Laju nilai harap sebuah besaran fisis $\Omega \in \mathbb{R}$ pada swa-keadaan $\left|\psi\right>$ anggota ruang Hilbert kompleks $\mathcal{H}$ secara kuantum pada waktu $t \in \mathbb{R}$ adalah
\[ \frac{d\left<\Omega\right>_\psi}{dt} = \frac{i}{\hbar}\left<\psi\right|[\hat{H}, \hat{\Omega}]\left|\psi\right> + \left<\psi\right|\frac{d\hat{\Omega}}{dt}\left|\psi\right> \]
di mana $\left<\Omega\right>_\psi \equiv \left<\psi\right|\hat{\Omega}\left|\psi\right>$, $i := \sqrt{-1}$, $\hbar \in \mathbb{R}^+$ adalah tetapan Planck tereduksi, $[\hat{H}, \hat{\Omega}] := \hat{H}\hat{\Omega} - \hat{\Omega}\hat{H}$, $\hat{H}$ adalah operator Hamiltonian, dan $\hat{\Omega}$ adalah operator dari besaran fisis $\Omega$.

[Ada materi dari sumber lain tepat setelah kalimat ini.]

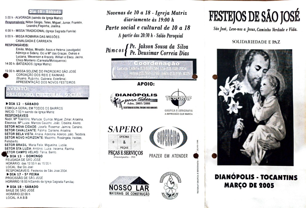 O tradicional Festejo de São José já faz parte do Calendário Cultural do estado do Tocantins e reúne milhares de fiéis das regiões próximas e da cidade de Dianópolis todos os anos. Essa tradição de fé e devoção acontece no mês de março e conta com a participação popular na sua mobilização e realização, mostrando o engajamento da população católica no sudeste do Estado. Conheça mais sobre a história da festa do padroeiro de Dianópolis, contada pelo antigo pároco e pela comunidade envolvida na sua organização.

Apabila $\hat{H} := \hat{T} + \hat{V}$ di mana $\hat{T} := \sum_{j = 1}^3 \hat{p}_j^2/(2m)$, $m \in \mathbb{R}^+$ adalah massa partikel kuantum, $\hat{V} := \sum_{k, l, n = 0}^\infty (1/(k!l!n!))V_{kln}(0, 0, 0)\hat{x}_1^k\hat{x}_2^l\hat{x}_3^n$, $V \in \mathbb{R}$ adalah tenaga potensial yang bergantung pada posisi $(x_1, x_2, x_3) \in \mathbb{R}^3$,
\[ V_{kln}(0, 0, 0) := \lim_{x_1 \to 0}\lim_{x_2 \to 0}\lim_{x_3 \to 0}\frac{\partial^{k + l + n}V}{\partial x_1^k\partial x_2^l\partial x_3^n}, \]
dan $\hat{x}_k$ adalah operator posisi yang mewakili posisi $x_k$ untuk setiap $k \in \{1, 2, 3\}$.

Oleh karena itu,
\[ \frac{d\left<\vec{p}\right>_\psi}{dt} = \frac{i}{\hbar}\sum_{j = 1}^3\left<\psi\right|[\hat{H}, \hat{p}_j]\left|\psi\right>\vec{n}_j + \left<\psi\right|\frac{d\hat{\vec{p}}}{dt}\left|\psi\right> \]
di mana $\vec{n}_1 := (1, 0, 0)$, $\vec{n}_2 := (0, 1, 0)$, dan $\vec{n}_3 := (0, 0, 1)$.

Selanjutnya,
\[ \frac{d\left<\vec{p}\right>_\psi}{dt} = \frac{i}{\hbar}\sum_{j = 1}^3\sum_{k, l, n = 0}^\infty\frac{1}{k!l!n!}V_{kln}(0, 0, 0)\left<\psi\right|[\hat{x}_1^k\hat{x}_2^l\hat{x}_3^n, \hat{p}_j]\left|\psi\right>\vec{n}_j \]
Karena
\[ [\hat{x}_1^k\hat{x}_2^l\hat{x}_3^n, \hat{p}_j] = i\hbar(k\delta_{1j}\hat{x}_1^{k - 1}\hat{x}_2^l\hat{x}_3^n + l\delta_{2j}\hat{x}_1^k\hat{x}_2^{l - 1}\hat{x}_3^n + n\delta_{3j}\hat{x}_1^k\hat{x}_2^l\hat{x}_3^{n - 1}), \]
maka
\[ \frac{d\left<\vec{p}\right>_\psi}{dt} = -\left<\psi\right|\left(\frac{\partial V}{\partial x_1}\vec{n}_1 + \frac{\partial V}{\partial x_2}\vec{n}_2 + \frac{\partial V}{\partial x_3}\vec{n}_3\right)\left|\psi\right> \]
sehingga
\[ \frac{d\left<\vec{p}\right>_\psi}{dt} = -\left<\psi\right|\nabla V\left|\psi\right> = \left<\vec{F}\right>_\psi. \]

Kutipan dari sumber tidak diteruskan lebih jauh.